A health care market under HR 676 would potentially look dramatically different from what we have now; some companies and segments will be unnecessary and disappear, and others will change dramatically. That's fine with me, because it seems the system we have now is fundamentally broken, and is not delivering the care we deserve for the dollars we're pouring in.

Tuesday, February 10, 2009

Get out of jail, free

The Houston Chronicle has an article about technology at the Houston Municipal Court system. The court's computer network has been hit, hard, by a virus - the report suggests Conficker but the chief technical director for the City doesn't think so. The effects include a shutdown of the muni court on Friday, and a suspension for arrests for Class C misdemeanors.

To me it seems clear there are a number of lessons to learn:

  1. Keep your critical computers away from the Internet.

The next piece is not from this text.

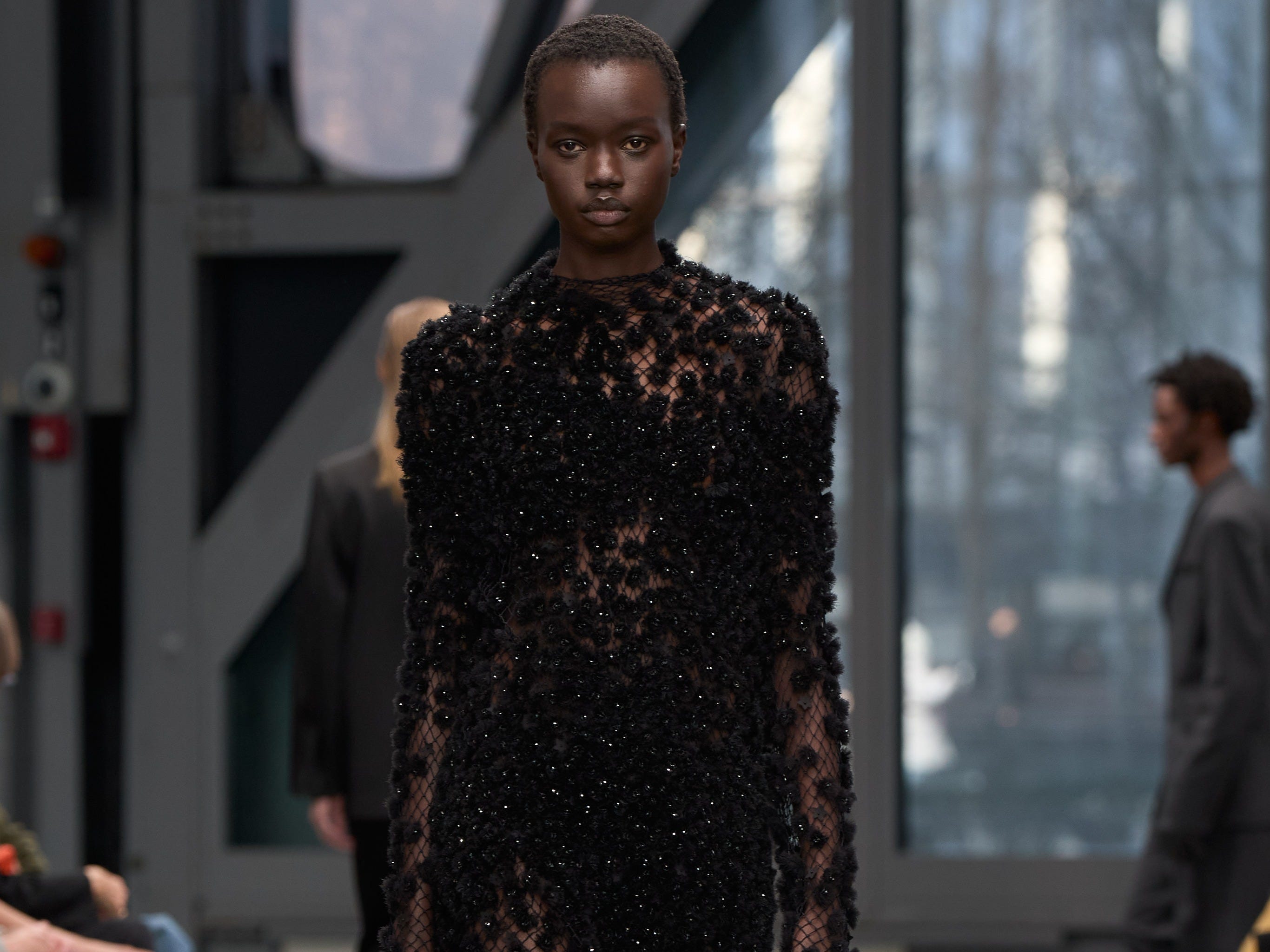 Em todos os estilos, a silhueta é alta e reta; a alfaiataria slim precisa com decotes inesperados nas costas e detalhes sem mangas cria tensão, enquanto vestidos intensamente trabalhados apresentam costas lisas contrastantes que revelam camadas internas. Golas brancas surgem enquanto golas biker adicionam um toque rústico, e golas de pelos sugerem grandiosidade antes de se expandirem em um casaco de pelos.

There are computers which are necessary for your department to function, and then there are the computers people use for less critical purposes. Think strongly about keeping an "air gap" between your critical infrastructure and the Internet.
  2. Avoid an operating system monoculture. Another hard thing to do - it's a trade-off between being easy to manage (the Southwest Airlines approach) and being robust. Having even 20% of your computers running something other than Windows can mean the difference between an inconvenient virus attack, and shutting down your courts for the weekend.
  3. Migrate off Microsoft Windows. It's a bug-ridden virus magnet.The sooner you move away from MS Windows on your critical infrastructure machines, the sooner you become more resistant to viruses and worms.